** Opening MATERIAL TO PROCESS block **

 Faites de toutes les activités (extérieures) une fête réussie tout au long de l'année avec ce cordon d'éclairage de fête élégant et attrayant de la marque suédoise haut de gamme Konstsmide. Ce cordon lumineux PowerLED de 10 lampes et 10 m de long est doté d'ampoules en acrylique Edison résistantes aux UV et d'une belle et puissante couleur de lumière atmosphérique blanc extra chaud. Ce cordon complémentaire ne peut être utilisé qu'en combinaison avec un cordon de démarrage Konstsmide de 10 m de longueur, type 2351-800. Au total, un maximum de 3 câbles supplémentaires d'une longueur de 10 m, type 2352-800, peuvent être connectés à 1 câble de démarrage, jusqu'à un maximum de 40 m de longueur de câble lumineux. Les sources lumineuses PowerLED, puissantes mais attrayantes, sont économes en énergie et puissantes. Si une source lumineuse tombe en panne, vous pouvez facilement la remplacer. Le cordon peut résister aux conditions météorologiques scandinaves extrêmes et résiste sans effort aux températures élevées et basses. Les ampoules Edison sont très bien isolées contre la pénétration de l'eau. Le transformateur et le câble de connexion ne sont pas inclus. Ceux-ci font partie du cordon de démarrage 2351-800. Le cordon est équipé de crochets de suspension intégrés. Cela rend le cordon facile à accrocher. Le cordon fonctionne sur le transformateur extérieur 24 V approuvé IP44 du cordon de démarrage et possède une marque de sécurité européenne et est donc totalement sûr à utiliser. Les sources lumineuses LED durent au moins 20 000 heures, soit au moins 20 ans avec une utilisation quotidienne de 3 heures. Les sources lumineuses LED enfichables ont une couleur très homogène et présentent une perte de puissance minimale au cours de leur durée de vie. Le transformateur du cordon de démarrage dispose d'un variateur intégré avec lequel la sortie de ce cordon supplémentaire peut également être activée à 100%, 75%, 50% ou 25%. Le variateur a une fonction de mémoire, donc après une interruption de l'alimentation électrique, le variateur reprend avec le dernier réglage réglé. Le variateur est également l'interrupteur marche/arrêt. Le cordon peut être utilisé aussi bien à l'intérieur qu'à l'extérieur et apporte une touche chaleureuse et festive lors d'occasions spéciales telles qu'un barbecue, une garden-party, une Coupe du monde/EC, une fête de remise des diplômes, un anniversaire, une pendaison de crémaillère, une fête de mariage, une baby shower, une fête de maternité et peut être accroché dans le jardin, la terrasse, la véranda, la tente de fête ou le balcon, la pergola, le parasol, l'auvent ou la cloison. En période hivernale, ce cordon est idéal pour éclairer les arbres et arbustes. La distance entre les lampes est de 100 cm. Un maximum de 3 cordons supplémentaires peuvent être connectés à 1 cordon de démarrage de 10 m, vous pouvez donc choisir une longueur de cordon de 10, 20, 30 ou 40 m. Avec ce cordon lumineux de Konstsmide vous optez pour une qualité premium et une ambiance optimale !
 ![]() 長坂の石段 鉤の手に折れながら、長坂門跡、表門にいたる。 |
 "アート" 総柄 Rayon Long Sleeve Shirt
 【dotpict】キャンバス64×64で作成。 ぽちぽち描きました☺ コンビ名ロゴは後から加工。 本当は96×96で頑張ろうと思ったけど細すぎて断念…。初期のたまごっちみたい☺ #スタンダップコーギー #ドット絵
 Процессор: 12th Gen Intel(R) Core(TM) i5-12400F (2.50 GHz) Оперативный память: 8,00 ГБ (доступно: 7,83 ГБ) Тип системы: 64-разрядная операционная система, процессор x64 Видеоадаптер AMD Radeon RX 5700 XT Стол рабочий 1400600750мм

** Closing MATERIAL TO PROCESS block **

WHAT IS BEING ASKED:
Reproduce the records above word for word.

RESULT OF THIS EXERCISE:
 Faites de toutes les activités (extérieures) une fête réussie tout au long de l'année avec ce cordon d'éclairage de fête élégant et attrayant de la marque suédoise haut de gamme Konstsmide. Ce cordon lumineux PowerLED de 10 lampes et 10 m de long est doté d'ampoules en acrylique Edison résistantes aux UV et d'une belle et puissante couleur de lumière atmosphérique blanc extra chaud. Ce cordon complémentaire ne peut être utilisé qu'en combinaison avec un cordon de démarrage Konstsmide de 10 m de longueur, type 2351-800. Au total, un maximum de 3 câbles supplémentaires d'une longueur de 10 m, type 2352-800, peuvent être connectés à 1 câble de démarrage, jusqu'à un maximum de 40 m de longueur de câble lumineux. Les sources lumineuses PowerLED, puissantes mais attrayantes, sont économes en énergie et puissantes. Si une source lumineuse tombe en panne, vous pouvez facilement la remplacer. Le cordon peut résister aux conditions météorologiques scandinaves extrêmes et résiste sans effort aux températures élevées et basses. Les ampoules Edison sont très bien isolées contre la pénétration de l'eau. Le transformateur et le câble de connexion ne sont pas inclus. Ceux-ci font partie du cordon de démarrage 2351-800. Le cordon est équipé de crochets de suspension intégrés. Cela rend le cordon facile à accrocher. Le cordon fonctionne sur le transformateur extérieur 24 V approuvé IP44 du cordon de démarrage et possède une marque de sécurité européenne et est donc totalement sûr à utiliser. Les sources lumineuses LED durent au moins 20 000 heures, soit au moins 20 ans avec une utilisation quotidienne de 3 heures. Les sources lumineuses LED enfichables ont une couleur très homogène et présentent une perte de puissance minimale au cours de leur durée de vie. Le transformateur du cordon de démarrage dispose d'un variateur intégré avec lequel la sortie de ce cordon supplémentaire peut également être activée à 100%, 75%, 50% ou 25%. Le variateur a une fonction de mémoire, donc après une interruption de l'alimentation électrique, le variateur reprend avec le dernier réglage réglé. Le variateur est également l'interrupteur marche/arrêt. Le cordon peut être utilisé aussi bien à l'intérieur qu'à l'extérieur et apporte une touche chaleureuse et festive lors d'occasions spéciales telles qu'un barbecue, une garden-party, une Coupe du monde/EC, une fête de remise des diplômes, un anniversaire, une pendaison de crémaillère, une fête de mariage, une baby shower, une fête de maternité et peut être accroché dans le jardin, la terrasse, la véranda, la tente de fête ou le balcon, la pergola, le parasol, l'auvent ou la cloison. En période hivernale, ce cordon est idéal pour éclairer les arbres et arbustes. La distance entre les lampes est de 100 cm. Un maximum de 3 cordons supplémentaires peuvent être connectés à 1 cordon de démarrage de 10 m, vous pouvez donc choisir une longueur de cordon de 10, 20, 30 ou 40 m. Avec ce cordon lumineux de Konstsmide vous optez pour une qualité premium et une ambiance optimale !
 ![]() 長坂の石段 鉤の手に折れながら、長坂門跡、表門にいたる。 |
 "アート" 総柄 Rayon Long Sleeve Shirt
 【dotpict】キャンバス64×64で作成。 ぽちぽち描きました☺ コンビ名ロゴは後から加工。 本当は96×96で頑張ろうと思ったけど細すぎて断念…。初期のたまごっちみたい☺ #スタンダップコーギー #ドット絵
 Процессор: 12th Gen Intel(R) Core(TM) i5-12400F (2.50 GHz) Оперативный память: 8,00 ГБ (доступно: 7,83 ГБ) Тип системы: 64-разрядная операционная система, процессор x64 Видеоадаптер AMD Radeon RX 5700 XT Стол рабочий 1400600750мм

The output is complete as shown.